The clarification of new experimentation and the novelty of the asymptotic analysis is useful. I recommend an accept.

格式问题

n/a

作者回复

We thank the reviewer for their thoughtful and informative review.

Weaknesses: Methodologically, the jarzynski formulation was already completely typified as it is used here in [1]. I guess the authors see the key insight as reapplying it in a new domain, i.e. to estimate a different expectation on which to perform gradient descent. This is a bit lacking.

We thank the reviewer for pointing this out. We agree that the formulation we employ builds upon existing work, notably [1]. Our methodological contributions are two-fold:

  • Adapting the methodology in [1] to a statistical problem (MMLE) as pointed out by the reviewer - expanding its scope to a whole class of statistical models.
  • Providing a convergence analysis for this scheme, connecting the literature on biased gradient descent and IS-type estimates of gradients of marginal likelihoods.

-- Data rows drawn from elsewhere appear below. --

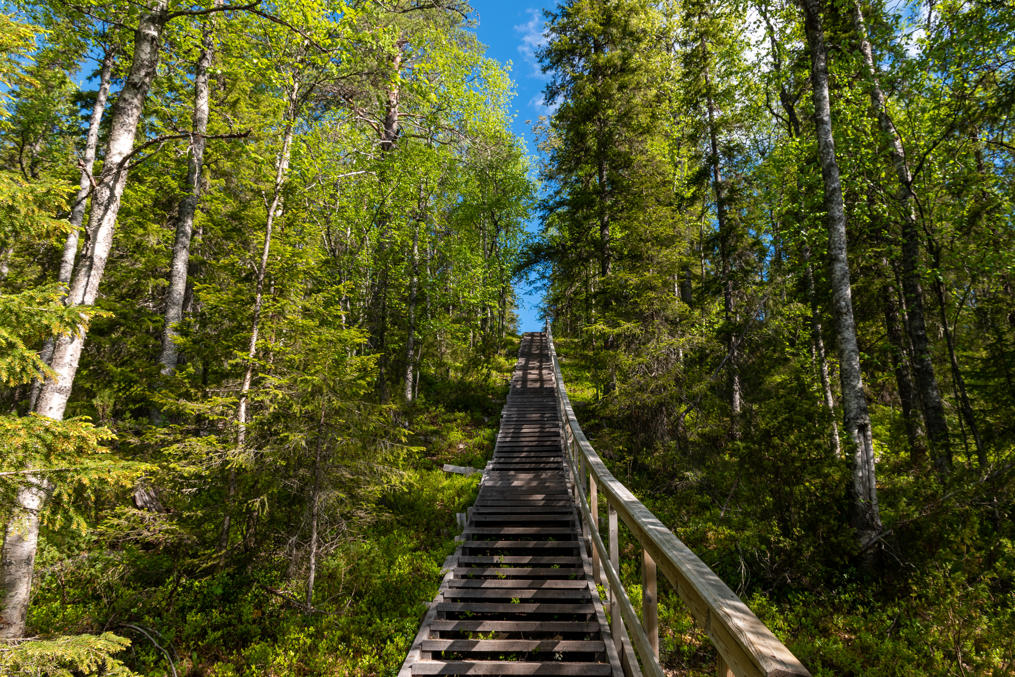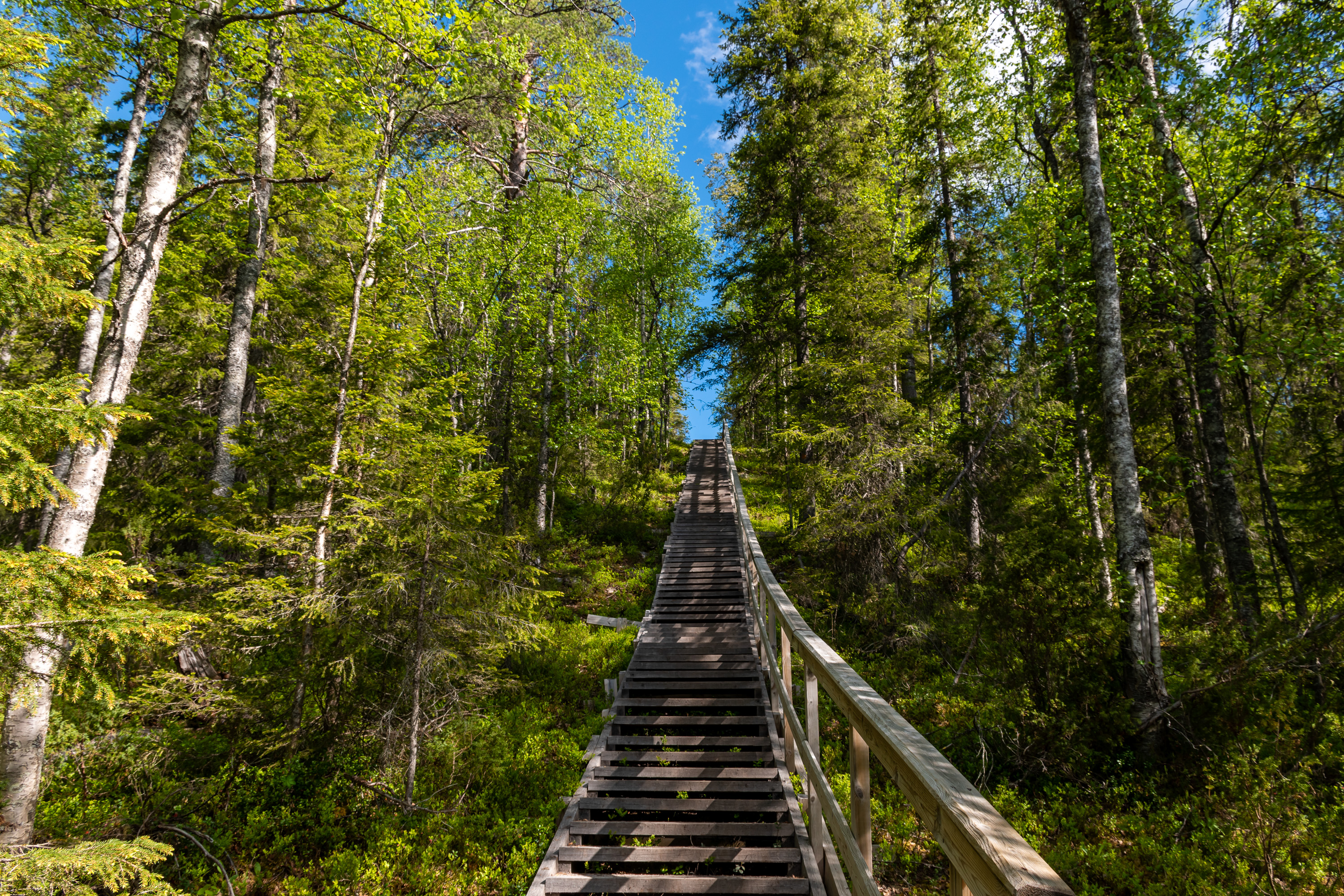 60. Лестница на Ваттуваару. Эта небольшая, но крутая горка возвышается на 60 м над хижиной и речкой.
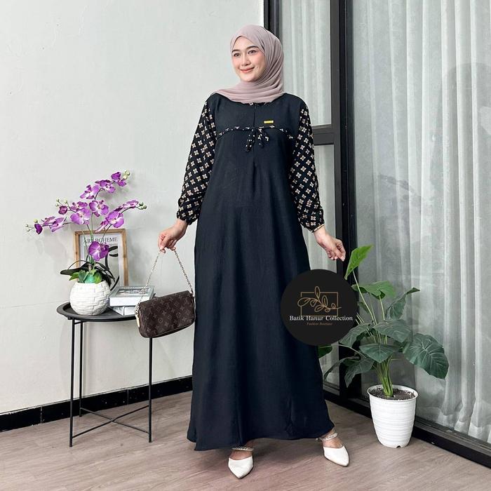 DP 0 GAMIS MEISYA CRINGKLE AIRFLOW KOMBINASI RAYON SUPER ADEM HALUS TEBAL NYAMAN LD 120 PB 130 RESLETING DEPAN BUSUI FRIENDLY HITAM ALL SIZE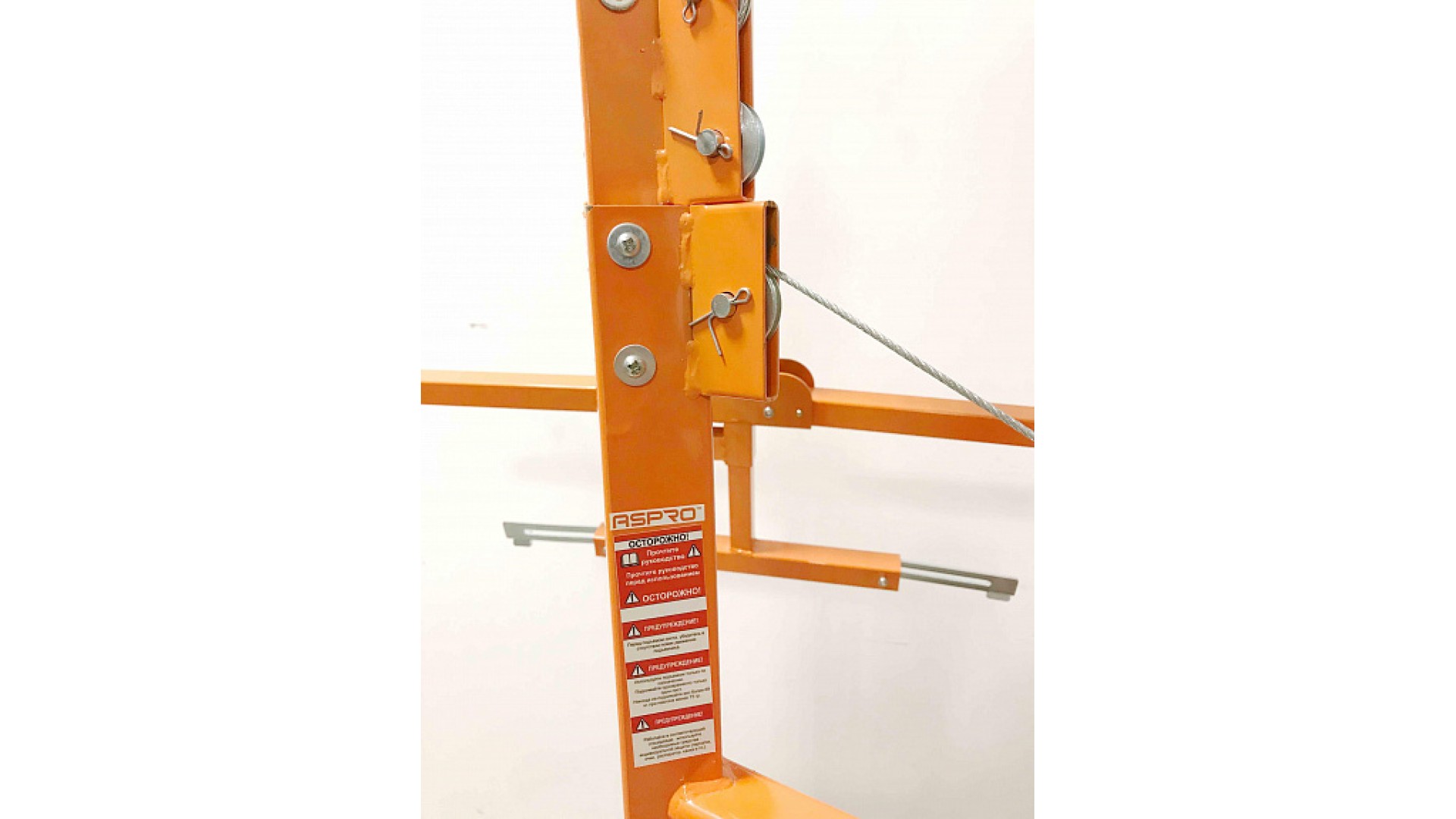 Подъемник для гипсокартона ASPRO имеет простой механизм подъема/спуска поворотной люльки, достаточно просто крутить рукоятку по часовой стрелке для подъема или против часовой для спуска. Для дополнительной безопасности подъемный редуктор имеет стопор, который обеспечивает дополнительную механическую защиту от самопроизвольного опускания телескопической секции.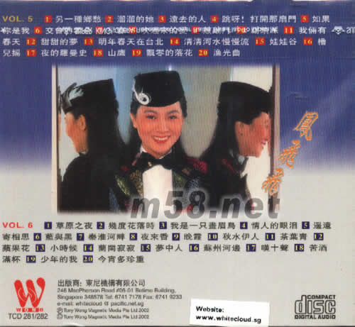 Vol.5 01 另一種鄉愁 02 溜溜的她 03 遠去的人 04 跳呀!打開那扇門 05 如果你是我 06 交會的云朵 07 早春 08 吹過來的愛 09 敲敲門 10 踢踏踩 11 我倆有春天 12 甜甜的夢 13 明年春天在臺北 14 清清河水慢慢流 15 娃娃谷 16 櫓兒搖 17 夜的羅曼史 18 山鷹 19 飄零的落花 20 漁光曲 Vol.6 01 草原之夜 02 幾度花落時 03 我是一只畫眉鳥 04 情人的眼淚 05 遙遠寄相思 06 藍與黑 07 秦淮河畔 08 夜來香 09 晚霞 10 秋水伊人 11 茶葉青 12 蘋果花 13 小時候 14 蘭閨寂寂 15 夢中人 16 蘇州河邊 17 嘆十聲 18 苦酒滿杯 19 少年的我 20 今宵多珍重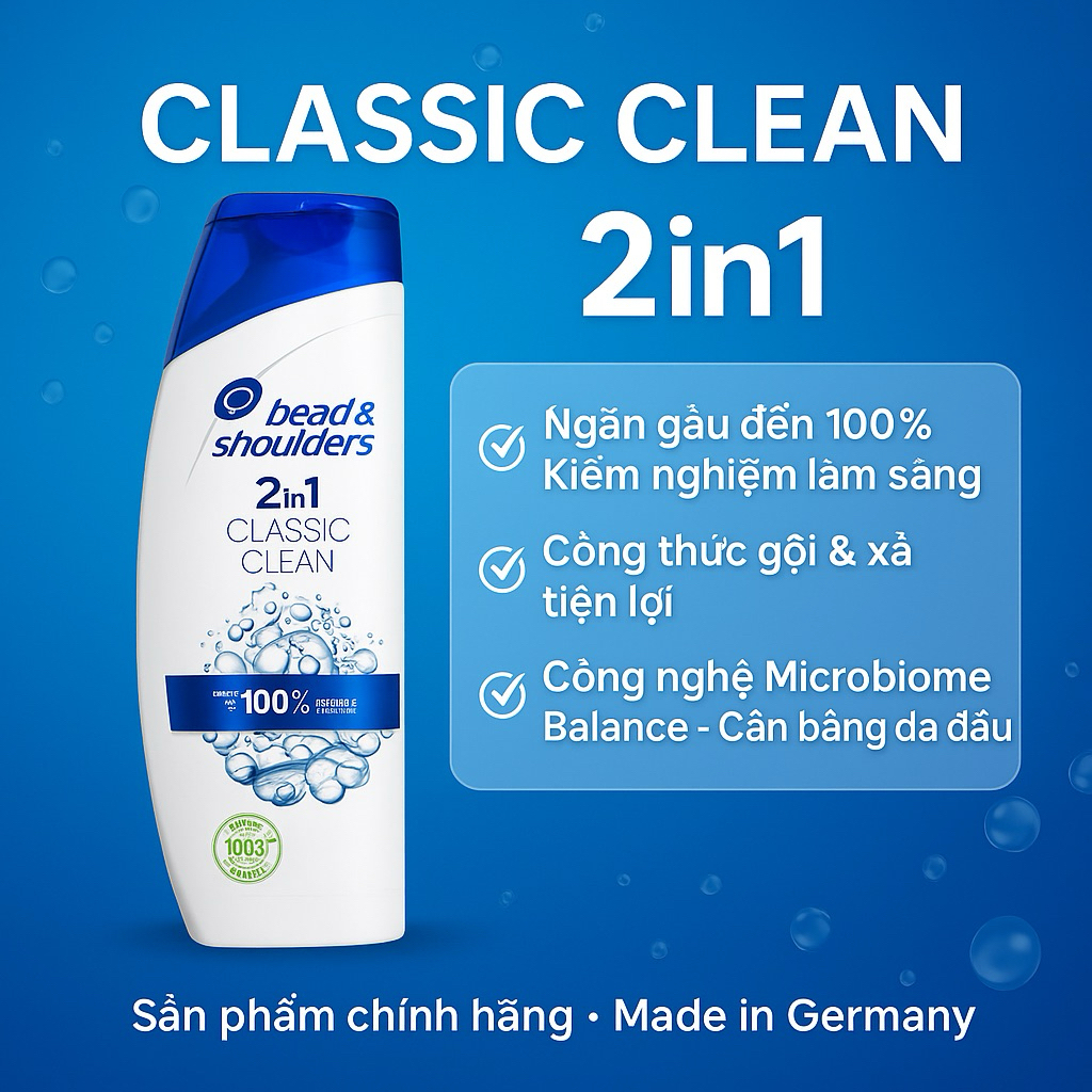 Dầu Gội Xả 2 Trong 1 Head & Shoulders Chống gầu, cho mái tóc suôn mượt Hàng Đức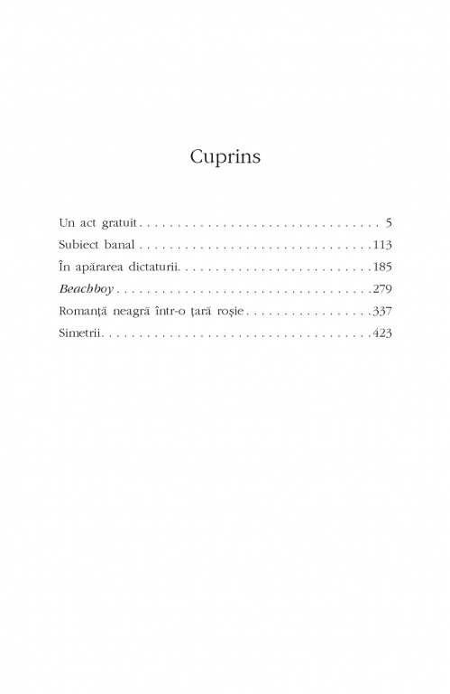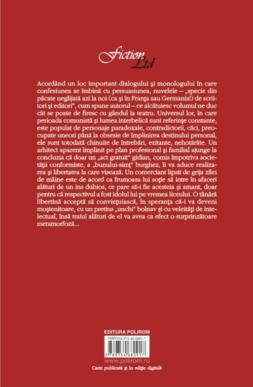 Acordînd un loc important dialogului și monologului în care confesiunea se îmbină cu persuasiunea, nuvelele – „specie din păcate neglijată azi la noi (ca și în Franța sau Germania!) de scriitori și editori”, cum spune autorul – ce alcătuiesc volumul ne duc cît se poate de firesc cu gîndul la teatru. Universul lor, în care perioada comunistă și lumea interbelică sînt referințe constante, este populat de personaje paradoxale, contradictorii, căci, preocupate uneori pînă la obsesie de împlinirea destinului personal, ele sînt totodată chinuite de întrebări, ezitante, nehotărîte. Un arhitect aparent împlinit pe plan profesional și familial ajunge la concluzia că doar un „act gratuit” gidian, comis împotriva societății conformiste, a „bunului-simț” burghez, îi va aduce realizarea și libertatea la care visează. Un comerciant lipsit de grija zilei de mîine este de acord ca frumoasa lui soție să intre în afaceri alături de un ins dubios, ce pare să-i fie acesteia și amant, doar pentru că respectivul a fost idolul lui pe vremea liceului. O tînără libertină acceptă să conviețuiască, în speranța că-i va deveni moștenitoare, cu un pretins „unchi” bolnav și cu veleități de intelectual, însă traiul alături de el va avea ca efect o surprinzătoare metamorfoză...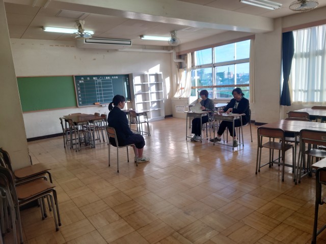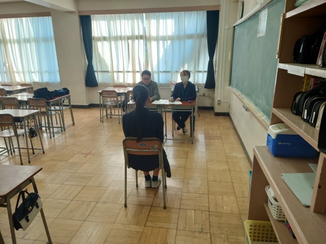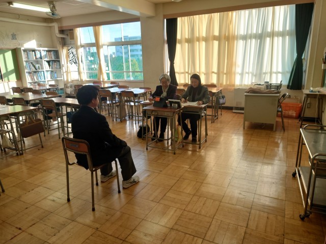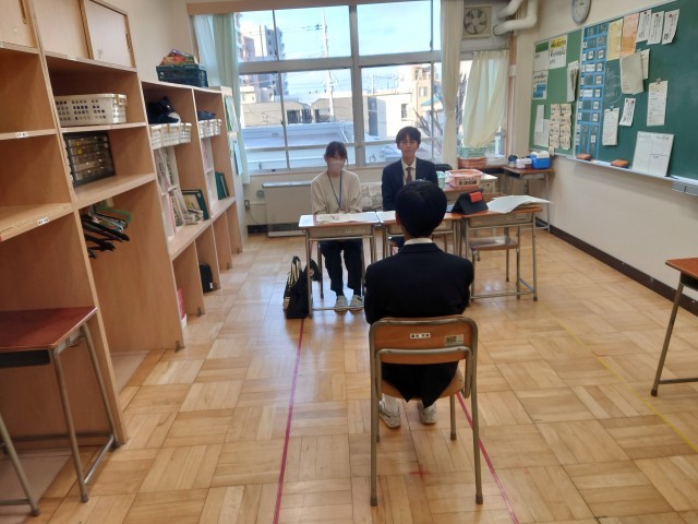 模擬面接2日目が行われました。2日間にわたり民生児童委員と学校運営協議会委員の皆さんにお越しいただき、3年生の面接対策を行っていただきました。模擬面接を通してなぜその学校を志望するのか、入学して何がしたいのか、自分の考えを自分の言葉できちんと話すことの大切さを教えていただきました。また、服装や頭髪など第一印象の大切さも含めて、厳しくも心温まるご指導をいただきました。ありがとうございました。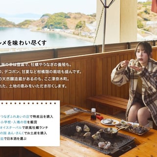 女優、モデルとして活躍し、バラエティ番組でも存在感を放つ堀未央奈。年10回は旅に出る旅好きとしても知られている。旅先ではお土産を選ぶのも楽しみの1つで、津奈木町でもブランド玉ねぎのドレッシングや日本酒、柑橘のお菓子などをたくさん購入。お酒好きの堀は、訪れた『亀萬酒造』でも真剣に試飲し、日本酒を選ぶ姿が印象的だったという。美味しい食事や自然、洗練された空間の宿、アートも楽しめる津奈木町については“町全体に上品な居心地の良さを感じました”とコメント。思い切り食べて飲み、全力で旅を満喫する堀さんの様子を追いながら話を聞いた。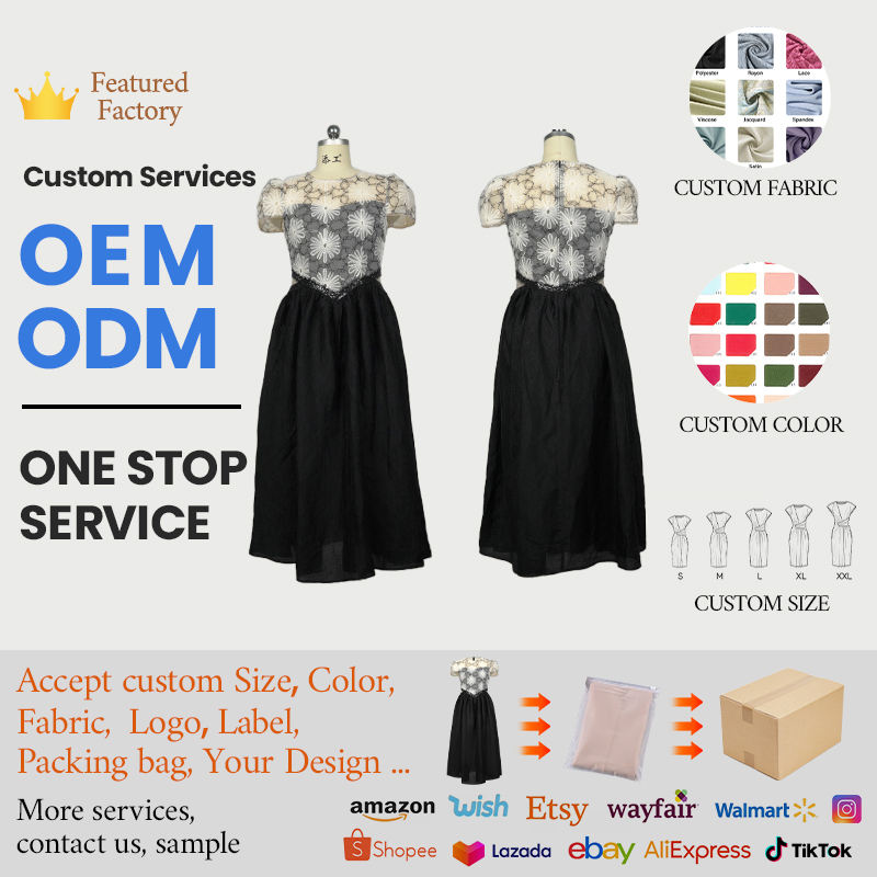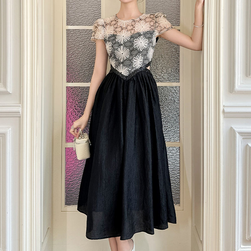 ZYHT 21765 Summer Black Midi Dress High Quality Floral Lace Patchwork French Neck Natural Waistline Woven Weave Casual Wear

This second aspect is also crucial to our contribution as the theoretical analysis of θ\theta iterates was left open in [1]. We will emphasise this a bit more in our updated manuscript.

Weaknesses: One could argue that applying it in a new domain (which definitely requires new insights!) is sufficient to warrant support of the work, but it is hard to tell of the value of the method given the limited numerical experiments as it pertains to existing approaches. The only comparisons done to other methods is on the Bayesian neural network example, and the authors write that the performance of JALA-EM is comparable to that of SOUL, and slower than PGD. The authors do note that their method provides greater access to certain quantities of interest, like an online estimate of the partition function, but they should make clearer why this is unique to their approach (perhaps with a table of characteristics of the various methods).

We thank the reviewer for these suggestions. First, we'd like to note further experiments are conducted (see our response below). To answer the last request, we have prepared a table to summarize when/how JALA-EM provides unique properties.

FeaturePGDSOULJALA-EM
Marginal likelihood estimation
Different θ\theta and xx step-sizes
Theoretical guarantees with fixed γ\gamma
Easy adaptation of theory to alternative optimizers

We will add this table to our paper. To expand the last point, we would like to emphasize another nontrivial aspect of our approach, that is, easy adaptation of theory to alternative optimizers. In practice, methods like PGD and SOUL are implemented using adaptive optimizers, e.g., see [2]. However, their theory can only account for vanilla gradient descent (for SOUL, theory only works for a particular (and non-trivial) decay of step-sizes). In our case, due to the SMC-based approach to gradient estimation, we can apply theory for any optimizer provided that guarantees for biased gradients exist. We can easily also do this with adaptive optimizers, adapting results from, e.g., [3]. We will expand these points in our updated manuscript.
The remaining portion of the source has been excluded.